[Start of section]

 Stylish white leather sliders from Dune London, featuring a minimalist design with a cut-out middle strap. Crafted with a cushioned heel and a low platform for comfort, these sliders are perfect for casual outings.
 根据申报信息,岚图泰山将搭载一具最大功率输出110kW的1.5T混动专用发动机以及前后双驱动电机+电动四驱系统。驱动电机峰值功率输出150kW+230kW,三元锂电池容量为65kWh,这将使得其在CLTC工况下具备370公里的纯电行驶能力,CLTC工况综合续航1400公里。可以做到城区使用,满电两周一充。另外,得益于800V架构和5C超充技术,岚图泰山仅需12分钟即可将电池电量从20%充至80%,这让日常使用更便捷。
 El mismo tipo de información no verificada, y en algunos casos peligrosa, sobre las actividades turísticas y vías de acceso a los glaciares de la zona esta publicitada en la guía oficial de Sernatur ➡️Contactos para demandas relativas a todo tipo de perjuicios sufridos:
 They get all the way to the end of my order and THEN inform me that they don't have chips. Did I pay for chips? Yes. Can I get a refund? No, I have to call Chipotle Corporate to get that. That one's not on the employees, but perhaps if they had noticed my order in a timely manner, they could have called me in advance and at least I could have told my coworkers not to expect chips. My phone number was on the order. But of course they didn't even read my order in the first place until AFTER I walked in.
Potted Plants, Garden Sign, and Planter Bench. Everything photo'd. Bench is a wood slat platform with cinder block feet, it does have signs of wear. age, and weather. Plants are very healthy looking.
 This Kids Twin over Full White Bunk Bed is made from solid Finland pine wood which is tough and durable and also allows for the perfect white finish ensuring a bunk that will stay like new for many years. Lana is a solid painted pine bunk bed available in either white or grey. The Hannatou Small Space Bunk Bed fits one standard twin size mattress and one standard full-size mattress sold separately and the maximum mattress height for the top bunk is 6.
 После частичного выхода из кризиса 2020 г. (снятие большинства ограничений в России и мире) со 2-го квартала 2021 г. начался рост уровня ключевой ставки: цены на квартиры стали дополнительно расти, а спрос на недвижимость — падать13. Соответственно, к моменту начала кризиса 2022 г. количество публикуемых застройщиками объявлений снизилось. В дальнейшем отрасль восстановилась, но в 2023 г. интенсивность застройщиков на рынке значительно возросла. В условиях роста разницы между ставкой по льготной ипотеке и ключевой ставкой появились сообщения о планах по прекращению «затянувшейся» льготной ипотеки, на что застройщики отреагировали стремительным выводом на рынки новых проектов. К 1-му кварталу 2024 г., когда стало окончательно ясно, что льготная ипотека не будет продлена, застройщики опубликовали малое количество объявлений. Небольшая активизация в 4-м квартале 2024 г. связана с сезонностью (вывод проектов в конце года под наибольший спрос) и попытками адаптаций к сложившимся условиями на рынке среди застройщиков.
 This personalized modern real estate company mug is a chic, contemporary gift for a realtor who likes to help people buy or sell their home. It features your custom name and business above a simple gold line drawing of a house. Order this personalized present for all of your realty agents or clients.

[End of section]

If a line falls between the first line of the entries and the line containing "They get all", or is one of those two, restate it word for word; leave all other lines out.

> Answer
 Stylish white leather sliders from Dune London, featuring a minimalist design with a cut-out middle strap. Crafted with a cushioned heel and a low platform for comfort, these sliders are perfect for casual outings.
 根据申报信息,岚图泰山将搭载一具最大功率输出110kW的1.5T混动专用发动机以及前后双驱动电机+电动四驱系统。驱动电机峰值功率输出150kW+230kW,三元锂电池容量为65kWh,这将使得其在CLTC工况下具备370公里的纯电行驶能力,CLTC工况综合续航1400公里。可以做到城区使用,满电两周一充。另外,得益于800V架构和5C超充技术,岚图泰山仅需12分钟即可将电池电量从20%充至80%,这让日常使用更便捷。
 El mismo tipo de información no verificada, y en algunos casos peligrosa, sobre las actividades turísticas y vías de acceso a los glaciares de la zona esta publicitada en la guía oficial de Sernatur ➡️Contactos para demandas relativas a todo tipo de perjuicios sufridos:
 They get all the way to the end of my order and THEN inform me that they don't have chips. Did I pay for chips? Yes. Can I get a refund? No, I have to call Chipotle Corporate to get that. That one's not on the employees, but perhaps if they had noticed my order in a timely manner, they could have called me in advance and at least I could have told my coworkers not to expect chips. My phone number was on the order. But of course they didn't even read my order in the first place until AFTER I walked in.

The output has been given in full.